Problem to work on: What the task requires is an exact printout of the listing below, pictures excluded.

Information shown:
-- Opening Marker --

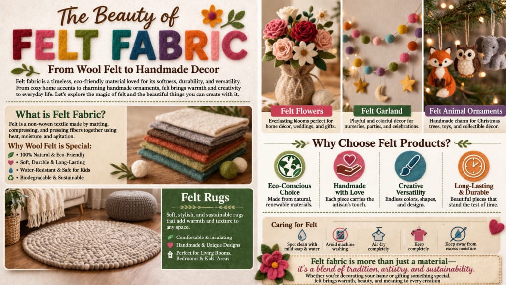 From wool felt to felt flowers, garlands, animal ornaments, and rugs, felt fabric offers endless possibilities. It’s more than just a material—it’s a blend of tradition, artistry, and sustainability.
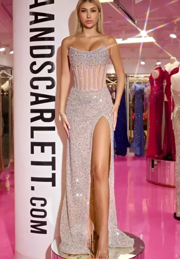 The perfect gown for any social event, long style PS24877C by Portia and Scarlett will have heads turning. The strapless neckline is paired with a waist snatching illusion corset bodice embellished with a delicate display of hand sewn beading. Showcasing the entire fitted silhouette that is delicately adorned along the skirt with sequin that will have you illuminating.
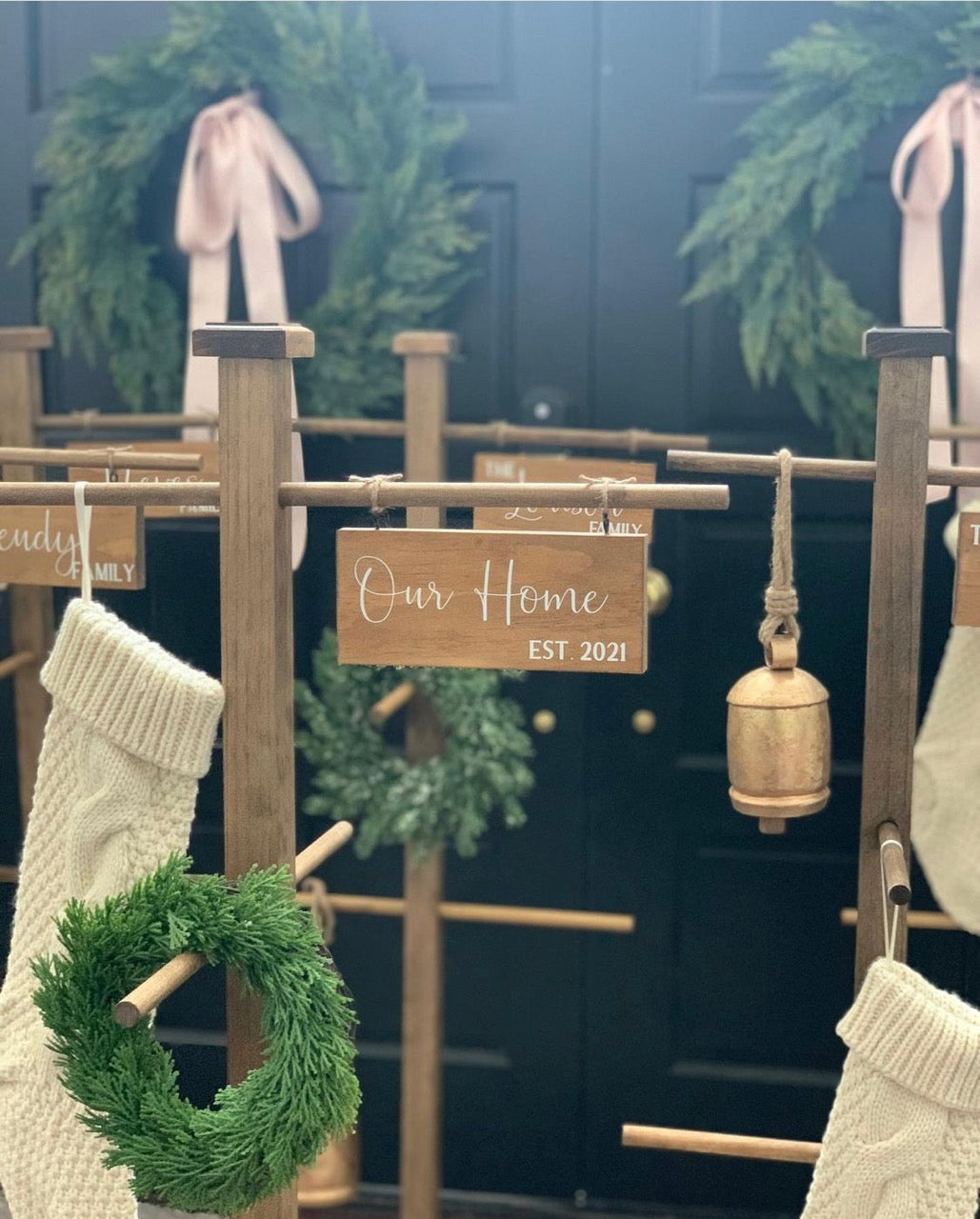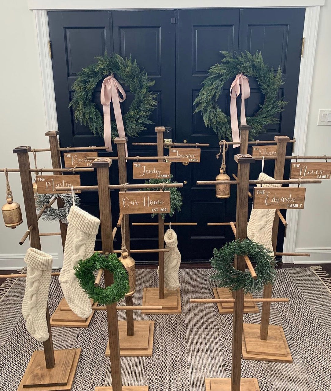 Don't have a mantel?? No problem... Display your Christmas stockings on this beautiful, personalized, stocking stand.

-- Closing Marker --

Response area:
 From wool felt to felt flowers, garlands, animal ornaments, and rugs, felt fabric offers endless possibilities. It’s more than just a material—it’s a blend of tradition, artistry, and sustainability.
 The perfect gown for any social event, long style PS24877C by Portia and Scarlett will have heads turning. The strapless neckline is paired with a waist snatching illusion corset bodice embellished with a delicate display of hand sewn beading. Showcasing the entire fitted silhouette that is delicately adorned along the skirt with sequin that will have you illuminating.
 Don't have a mantel?? No problem... Display your Christmas stockings on this beautiful, personalized, stocking stand.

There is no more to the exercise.